Comments: 0 · Posts: 2 · Topics: 1
This is not a troll

I'm a 32 year old woman and my boyfriend is 47. He moved into my place a year ago and he has a son from a previous relationship. One day he told me that his son needed a place to stay temporarily because he no longer wanted to live with his mom. His son is 22 years old.

I accepted for him to stay at my place and so far I've done nothing but be nice to his son. I have cooked for him and done favors when my boyfriend can't.

His son usually plays video games in the living room and the other day I was hungry and I wanted to go to the kitchen. I was already in my pijamas because it was almost time to go to bed so I put on a sweater on top of my pijamas but I kept my shorts from my pijamas on the bottom and I told my boyfriend "I'm going to the kitchen to get something" and he said ok. So I passed by the living room to go to the kitchen, but I didn't see it as a big deal since his son was literally in front of the tv playing games. And I walked by next to him, not in front of him.
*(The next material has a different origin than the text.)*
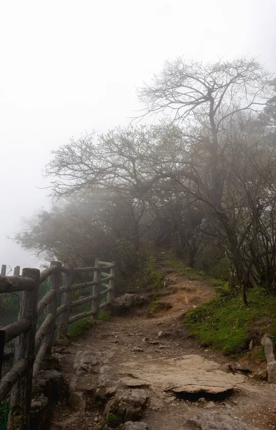 踏上峨眉山的小径,仿若步入了一个神秘的世界。一边是千丈深谷,谷底幽深,似藏着无尽的秘密,令人望而却步,心生敬畏。另一侧是茂林崖壁,陡峭的石壁上,树木顽强地生长,枝叶交错,仿佛在诉说着生命的坚韧。 一条小路蜿蜒而上,宛如一条灵动的蛇,穿梭于山林之间。脚下的石板,承载着岁月的痕迹,每一步都仿佛在与历史对话。 而那一片迷雾,更是给这小径增添了几分神秘的色彩。十步之外,便难以看清,让人仿佛置身于仙境之中。雾气弥漫,湿润了脸庞,也浸润了心灵。在这迷雾中前行,不知前方等待的是怎样的惊喜,亦或是怎样的挑战。
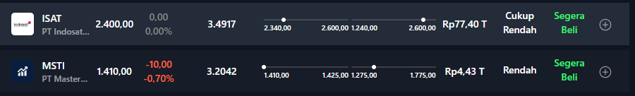 2. $ISAT. Oscillator mulai muncul sinyal awal bullish. Potensi membentuk pola cup n handle. Foreign big accumulation. Buy area 2360-2430.

My boyfriend started saying that I disrespected him and his son, that I'm a cheater, and that I like to provoke men because what I was wearing was not appropriate. I swear I didn't do anything. I just walked to the kitchen!!!!  So I told him that it's my house and it's not fair that I can't feel comfortable and that he shouldn't bring his son if he thinks of me that way.

He started telling me that he was going to move out with his son because of what happened. I think my boyfriend is so ungrateful after I opened the doors for his son.

Today however he started apologizing as if nothing had happened but I don't know if I should forgive him. What do you think?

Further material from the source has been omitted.